En Ukraine, la situation du Nord Stream 2 est simplement considérée comme exigeant que l’UE adhère à ses propres règles et oblige ses États membres à respecter les mêmes normes qu’elle exige des pays candidats à l’adhésion.

“Je pense que nous avons une approche différente de l’accord d’association”, a déclaré Svitlana Zalishchuk, ancienne membre du parlement ukrainien et assistante aux affaires étrangères du vice-Premier ministre. “Il est dit dans le document qu’il s’agit d’un document bilatéral et qu’il a été ratifié par les 27 États membres, et par l’UE elle-même, et il impose la responsabilité des deux parties.”

“Ce ne sont pas seulement les obligations de l’Ukraine de faire des réformes”, a ajouté Zalishchuk, désormais conseiller aux affaires internationales du directeur général de Naftogaz, la compagnie nationale ukrainienne de gaz. “C’est aussi l’obligation de l’UE d’appliquer les mêmes principes qui fonctionnent dans l’UE envers l’Ukraine.”

Zalishchuk a déclaré que dans le cas de Nord Stream 2, l’Allemagne semblait enfreindre les dispositions du troisième paquet énergétique de l’UE, un paquet législatif régissant le marché du gaz et de l’électricité que l’Ukraine a adopté comme sa propre loi nationale.

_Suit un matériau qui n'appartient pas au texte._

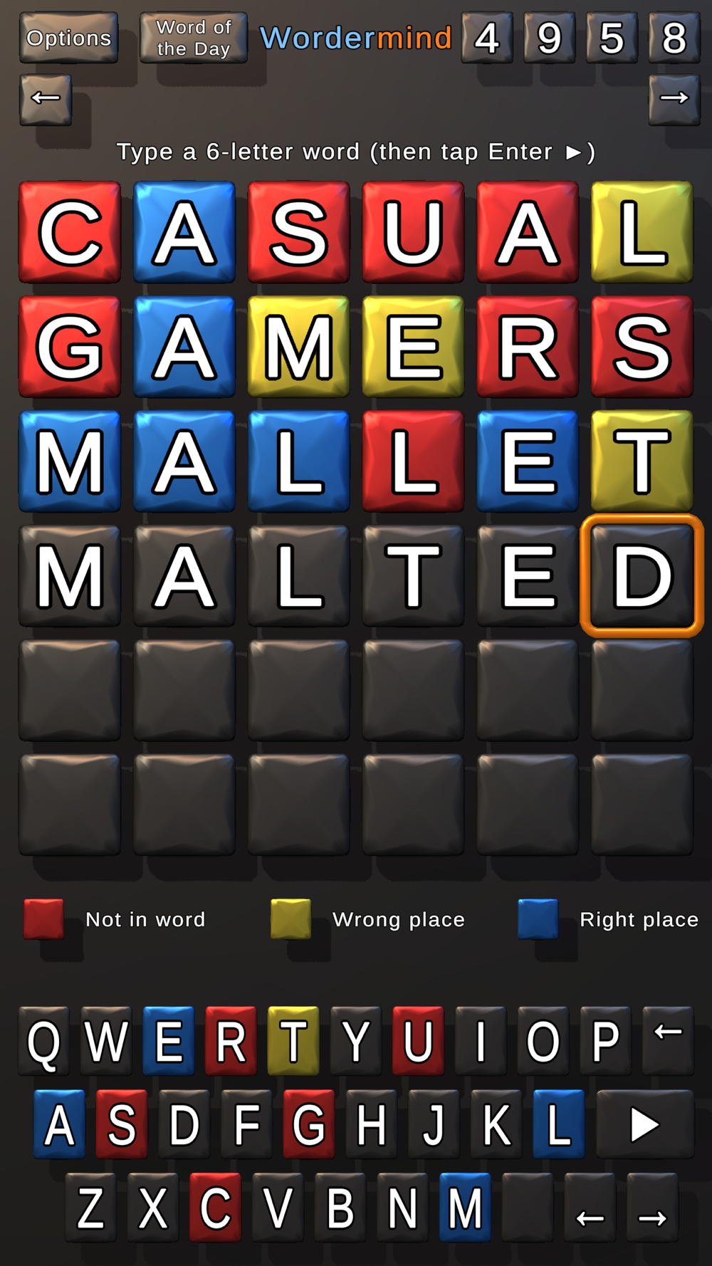 • Option to play without having to play valid words (free-play only - not available in Word of the Day)
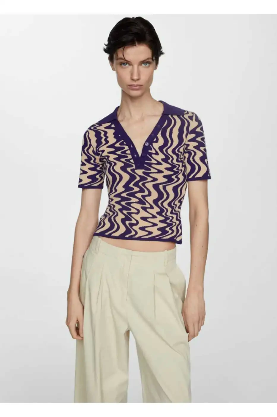 Поло-свитер | Облегающий, с узором, короткий рукав, контрастные детали
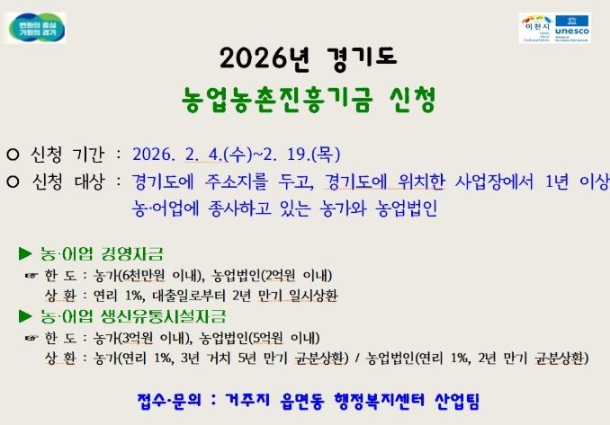 (비전21뉴스) 이천시는 농업인에게 장기·저리 융자 지원을 실시하고 경영안정을 돕기 위해 2026년 경기도 농업농촌진흥기금 농어업 경영자금, 농어업 생산유통시설자금 사업에 대한 신청을 2월 3일부터 접수한다.
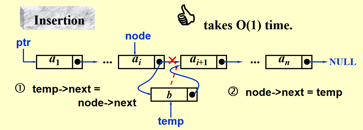 ) ,但插入和删除很快(\(O(1)\)) ,通过下面图示可以较为直观地感受到 - 最后一项的指针指向
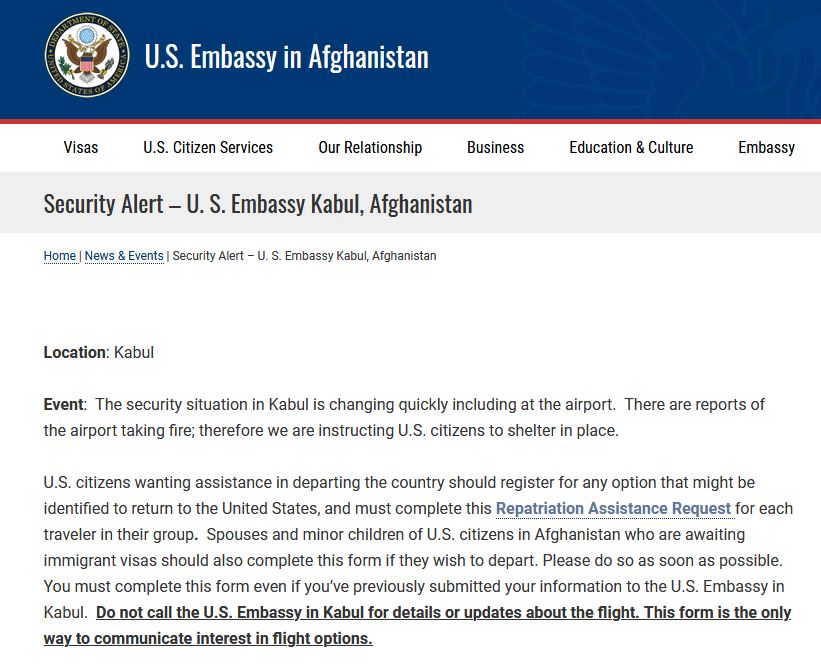 此外這份聲明中還提到,任何想要離開阿富汗的美國公民,都必須填寫一份“遣返歸國援助申請”(Repatriation Assistance Request)。而那些非美國籍的美國公民配偶和未成年人子女,也需填寫這份表格。

“Vous ne pouvez pas demander à l’Ukraine de se réformer conformément à ces règles européennes et ensuite de violer ces règles européennes”, a-t-elle déclaré. “C’est bizarre et en particulier avec Nord Stream 2.”

Mais si la parade diplomatique était un signe que l’Ukraine pourrait potentiellement sortir de l’UE de l’UE, elle représentait également un autre type de percée pour le pays qui combat l’agression militaire soutenue par la Russie depuis sept ans – gagnant la reconnaissance publique qu’il doit défendre son priorités, même au risque d’exaspérer certains de ses plus importants protecteurs.

“Je pense que les Ukrainiens se sont beaucoup retenus, posant les questions les plus naturelles, qui sont alors nos amis”, a déclaré le haut diplomate.

Un conseiller qui a beaucoup travaillé avec des représentants du gouvernement ukrainien a déclaré : « L’Ukraine a appris un peu plus et a été un peu moins redevable. L’important, c’est que les Ukrainiens montrent un peu leur propre identité et pas seulement bénéficiaire de l’aide et du soutien technique des donateurs. Ils ne sont pas ingrats, mais je pense qu’ils agissent davantage comme un pays. »

Se tenir plus seul a signifié refuser d’accepter simplement les termes de l’accord américano-allemand Nord Stream 2, qui, selon de nombreux experts, n’offre pas à l’Ukraine des garanties financières ou de sécurité suffisantes.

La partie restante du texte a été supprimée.